Колька честно признался:
— Пират у меня съел сахар.
— Пират, — вздрогнул Дмитрий Федорович и изменился в лице. — Послушай, Коля, ты не огорчайся… А где сейчас этот Пират?
— Я его в прорубь спустил.
Лицо Дмитрия Федоровича снова приняло нормальный вид.
— Ну, я побежал. Приходи, только стучи погромче, а то Джека решили спустить с цепи. Время-то неспокойное.
Дома Дмитрий Федорович сказал Валентине Федоровне:
— Сахар сожрала собака, будь она проклята. К счастью, мальчишка бросил ее труп в прорубь.
Глава 24. Крылья смерти
По городу поползли тревожные слухи о приближении вражеских войск. На базаре еще больше подорожали продукты. Женщины жаловались: «Ни к чему не подступиться».
Колька с Наташей каждый день бегали в порт. Они смотрели, как рабочие, торопясь, одевали в броню шхуны, буксиры и баржи. В носовой части, на корме, вдоль бортов защитной стеной укладывались мешки с песком, между ними выглядывали дула пушек, пулеметов. Переоборудовали пассажирские пароходы бывшей городской конторы пароходного общества «Кавказ и Меркурий» — «Кутузов», «Царьград» и «Петроград».
Из складских помещений, тесно столпившихся на набережной, подвозили уголь, бочонки с водой, ящики с соленой рыбой, снаряды, круги канатов. Пахло смолой, дегтем, вяленой рыбой.

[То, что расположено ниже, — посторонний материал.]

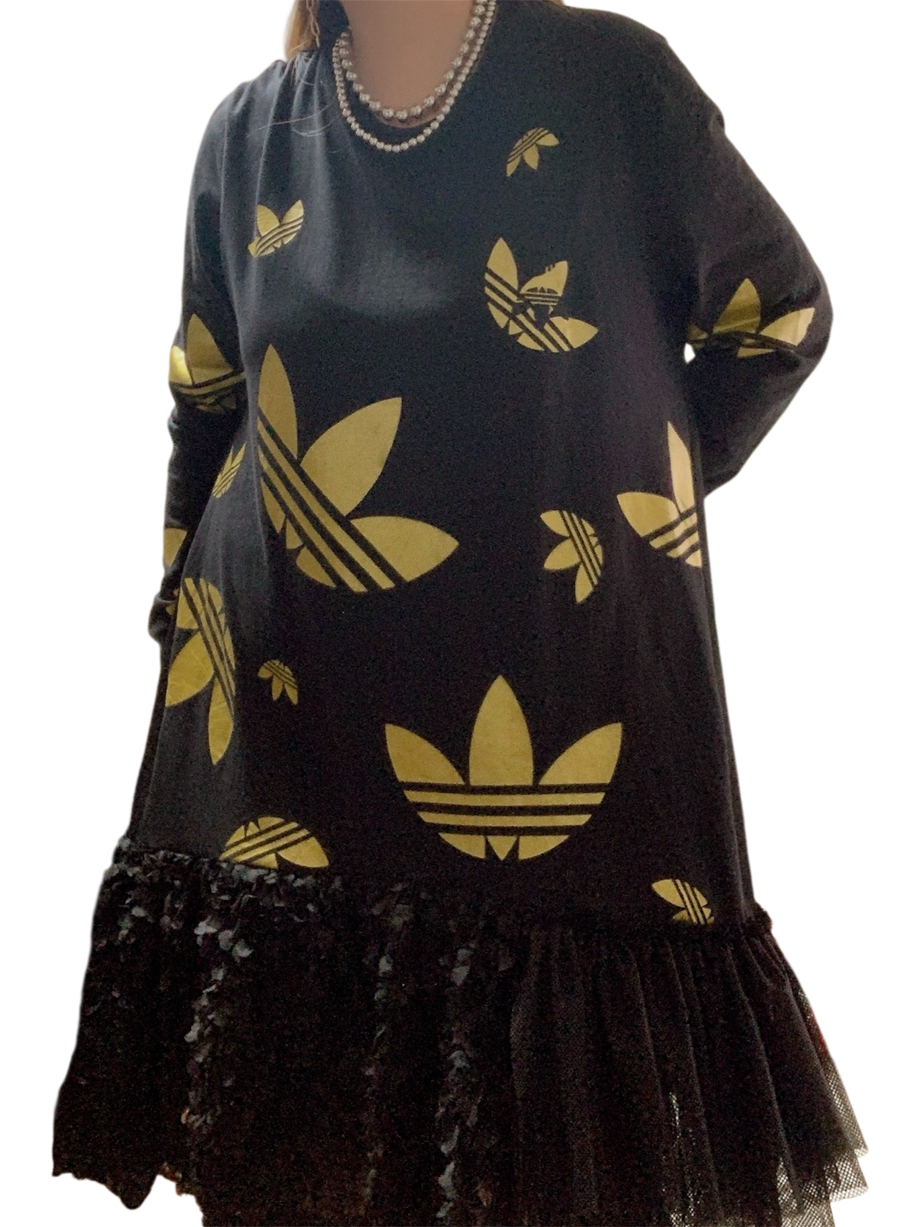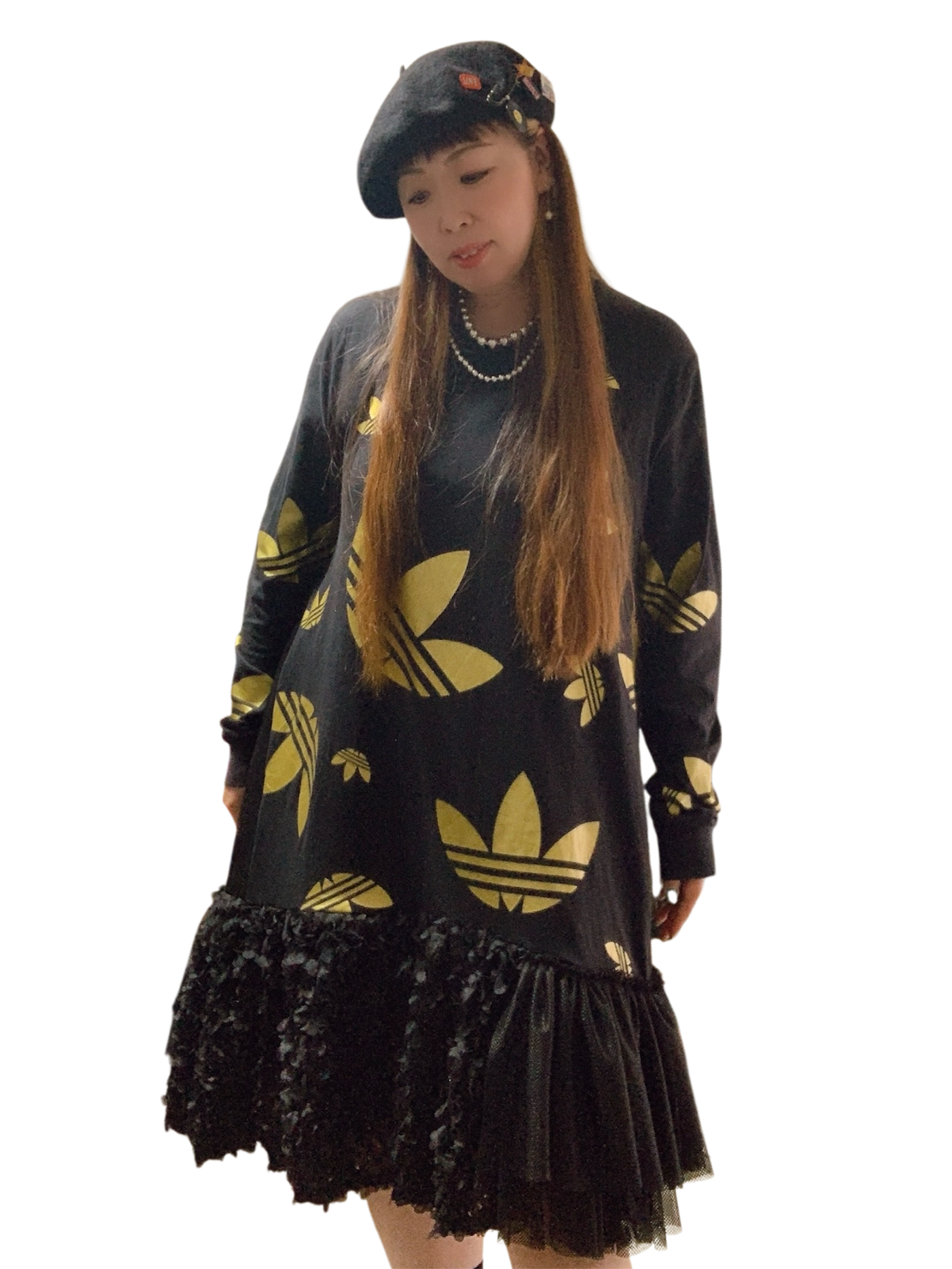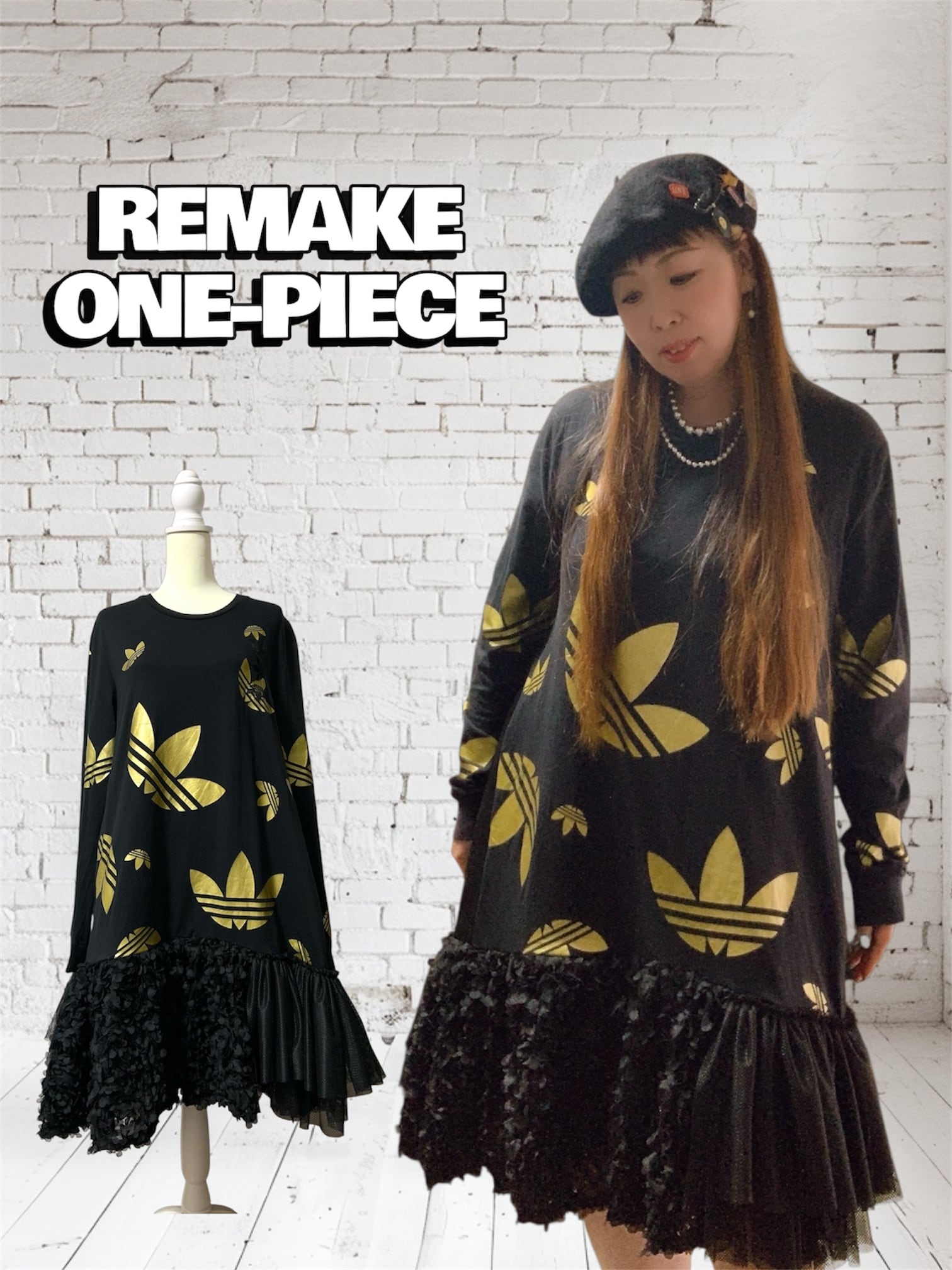 総柄ロンTをボリュームのあるワンピースにリメイクしました♪

Однажды Колька и Наташа, возвращаясь из бакалейной лавки, где они купили крупу, поразились необычному шуму.
К городу приближались два вражеских аэроплана. В порту прекратили работу.
— А ну, как грохнет бомбу? — испугался кто-то. — Побьет народу…
— Прямо в тебя попадет, — насмешливо отозвался другой.
После минутной заминки люди еще с большей энергией взялись за работу.
Тревожный взгляд Наташи, обращенный то в безоблачное небо, то к Кольке, как бы спрашивал: «Что теперь будет?» Колька беззаботно махнул рукой:
— У нас они тоже есть.
Но он и сам не верил своим словам.
Иностранные аэропланы — грузные, неуклюжие и брюхатые — казалось, с трудом передвигались по воздуху. Громко тарахтя, они угрожающе покружились над нефтяными хранилищами, портовыми складами, железнодорожным депо и удалились по направлению к центру города.
С тех пор в хорошую погоду аэропланы появлялись над городом. То тут, то там взрывались бомбы. Стало ясно: враг производит разведку, готовится к наступлению.
Ревком принимал решительные меры: взрослое население было мобилизовано на строительство оборонительной линии.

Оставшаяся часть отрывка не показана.